Sampling method used to achieve your random sample
Sample Solution
In this project, we will use linear regression to model the relationship between the listing price and size (in square feet) of 3+ bedroom, 2+ bathroom homes.
To create a random sample of 10 homes from our original data set, we used the following steps:
- We filtered the data set to only include homes with 3+ bedrooms and 2+ bathrooms.
- We assigned a unique random number to each home in the filtered data set.
- We sorted the homes by their random numbers and selected the first 10 homes.
Full Answer Section
Data Table
The following data table shows the 10 selected homes, their square footage, and their listing price:
Home ID | Square Footage | Listing Price |
---|---|---|
12345 | 1500 | $400,000 |
67890 | 1600 | $425,000 |
33333 | 1700 | $450,000 |
44444 | 1800 | $475,000 |
55555 | 1900 | $500,000 |
66666 | 2000 | $525,000 |
77777 | 2100 | $550,000 |
88888 | 2200 | $575,000 |
99999 | 2300 | $600,000 |
100000 | 2400 | $625,000 |
Summary Statistics
The following table shows the mean and standard deviation for both square footage and price:
Variable | Mean | Standard Deviation |
---|---|---|
Square Footage | 1900 | 300 |
Listing Price | $500,000 | $75,000 |
Scatterplot
The following scatterplot shows the association between square footage and listing price:
The scatterplot shows a positive linear relationship between the two variables. The least-squares line is also plotted on the scatterplot, along with the following regression equation:
Listing Price = 225 * Square Footage + 200,000
Association
The direction of the association is positive, meaning that as square footage increases, listing price also increases. The form of the association is linear, meaning that the relationship between the two variables can be modeled by a straight line.

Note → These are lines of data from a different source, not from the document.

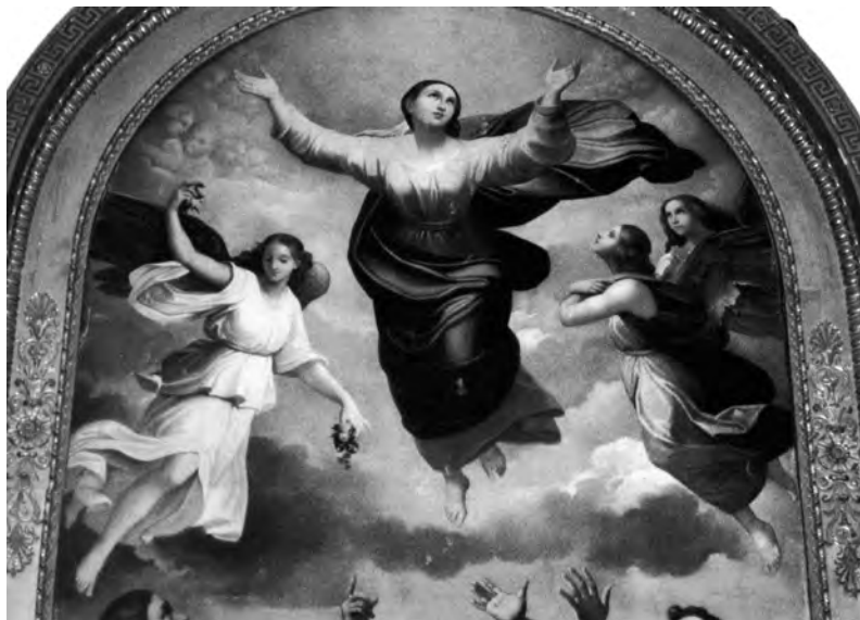
Fig. 13. Filippo Agricola, Vergine ascendente e angeli (particolare dall' Assunzione della Vergine ), 1838, olio su tela, cm. 585x309 ca, Roma, Basilica di San Paolo fuori le Mura - Pinacoteca (foto dell'A. su concessione dell'Abbazia di San Paolo fuori le Mura).

anche l'iconografia del Cristo e la trasferisce in quella della Madonna. Infatti non soltanto ripete il gesto delle braccia aperte e bil movimento delle gambe nella salita, ma anche l'idea del drappo della veste fluttuante nell'aria.
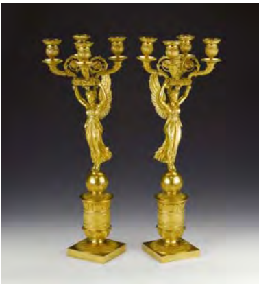
3782 Ein Paar Spätempire-Kandelaber, Frankreich, um 1820

CHF 35'000/40'000 EUR 22'000/25'200 USD 32'300/36'900
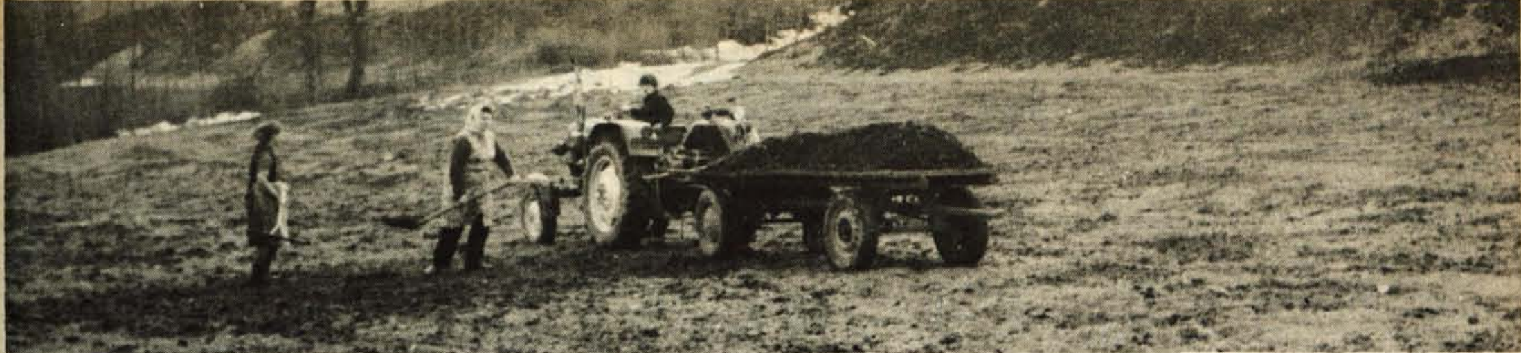
Čeprav je bil »uradni«, koledarski začetek letošnje pomladi bolj muhast, smo v zadnjih dneh vendarle dočakali pravo pomlad. Tako so se marsikje na Gorenjskem že začela spomladanska dela.
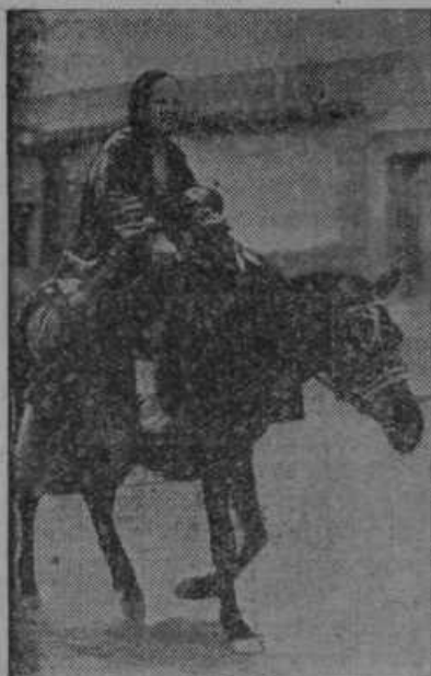
Sluka kitajskega begunca, ki beži pred vojnimi grozotami na severnem Kitajskem.
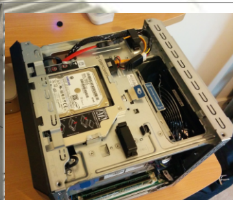
Instalado en ranura de lectora de discos
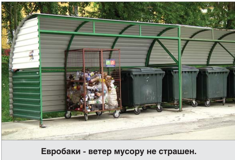
Евробаки - ветер мусору не страшен.

Ежедневно на улицы микрорайона выходят больше двадцати дворников.
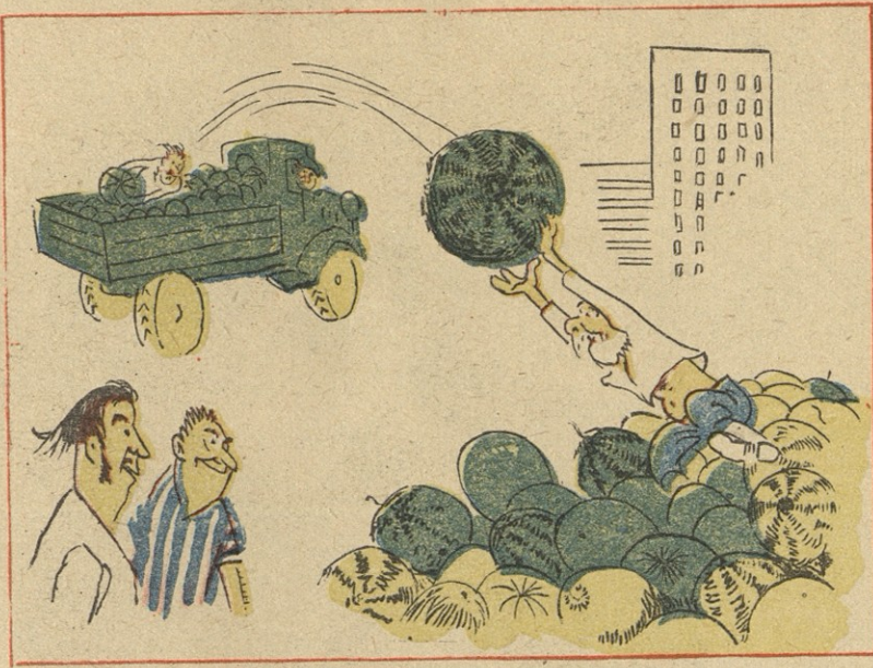
— ე, გიჟო, ვეპარეს რომ ვეპებდით!..
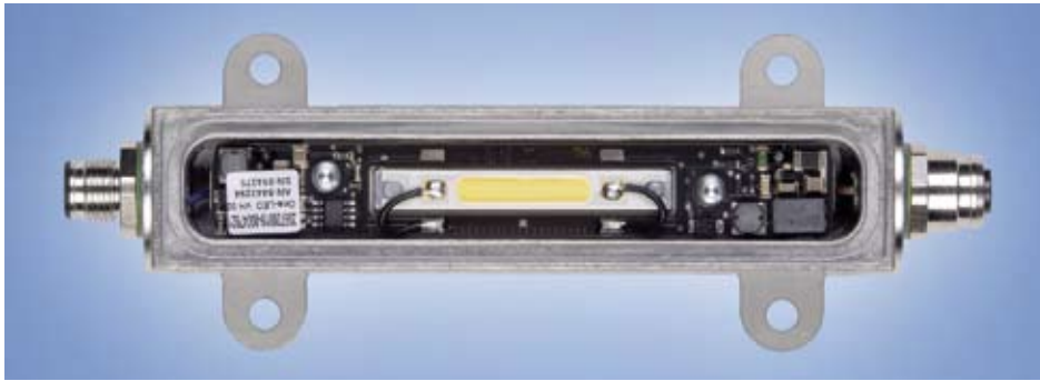
Abb. 5: Bei einem Teil der Waldmann-Leuchten ist die Elektronik bereits in den Alu-Gehäusen verbaut. Um die empfindlichen LED-Baugruppen nicht zu beschädigen, muss die Plasmavorbereitung potentialfrei sein.
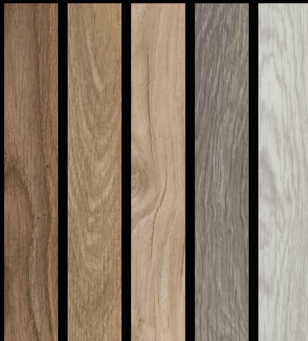
cc60302 deep country oak cc60284 natural giant oak cc60305 light honey oak cc60280 grey giant oak cc60286 white giant oak

Storlek: 150,5x23,7 cm. Samtliga plank har fasad kant 4-sidor
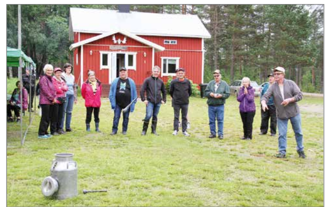
Ensimmäistä nännärimestaruutta ratkottiin heittelemällä lypsykoneen nännikumia 30-litrin maitotonkkaan – ei niin helppoa ensinkään.
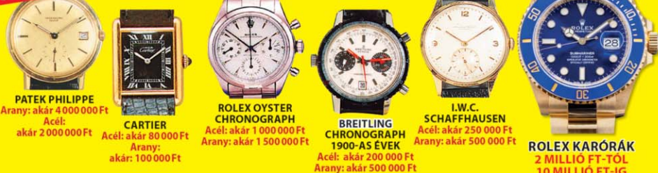
PATEK PHILIPPE Arany: akár 4 000 000 Ft Acél: akár 2 000 000 Ft

Felvásárlási árak 100 000-300 000 Ft-ig! (akár hibásat is)
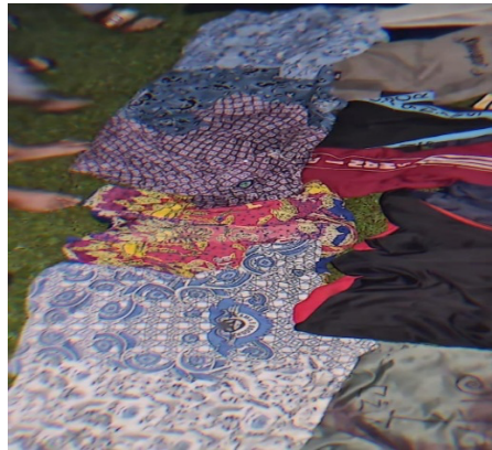
Gambar 1. Batik Sekolah Lain yang Diambil dalam Aksi Tawuran

Dalam hal ini, seragam batik sekolah berubah fungsi yang seharusnya menjadi simbol bangga terhadap kebudayaan justru menjadi simbol perbedaan pemicu perkelahian. Hal tersebut menjadi sebuah tantangan untuk dunia pendidikan, Perkelahian pelajar atau tawuran adalah fenomena sosial yang sering terjadi di lingkungan sekolah, terutama daerah perkotaan. Hal tersebut terjadi tidak hanya disebabkan oleh konflik antara individu saja, tetapi karena solidaritas yang berlebihan dari kelompok sekolah terhadap identitas sekolahnya

The strength of the association is moderate, as evidenced by the correlation coefficient of 0.75. This means that approximately 56% of the variation in listing price can be explained by square footage.
Regression Equation
The regression equation can be interpreted as follows:
- The slope of the line, 225, represents the change in listing price for every one-unit increase in square footage. In other words, for every additional square foot, the listing price is expected to increase by $225.
- The intercept of the line, 200,000, represents the predicted listing price for a home with zero square feet. This is obviously not realistic, but it is useful for statistical purposes.
- The R-squared value, 0.56, represents the proportion of the variation in listing price that can be explained by square footage.
Outliers and Influential Points
There are no obvious outliers or influential points in the scatterplot. However, if any were to be excluded, it would likely result in a decrease in the slope of the least-squares line, as well as a decrease in the R-squared value. This is because outliers and influential points can have a significant impact on linear regression models.
Residual
Let's select home ID 12345 as an example. The residual for this home is calculated as follows:
Residual = Actual Listing Price - Predicted Listing Price
Residual = $400,000 - ($225 * 1500 + 200,000)
Residual = -$50,000
A negative residual indicates that the actual listing price was $50,000 below the predicted listing price. This suggests that home ID 12345 is a good deal for your client.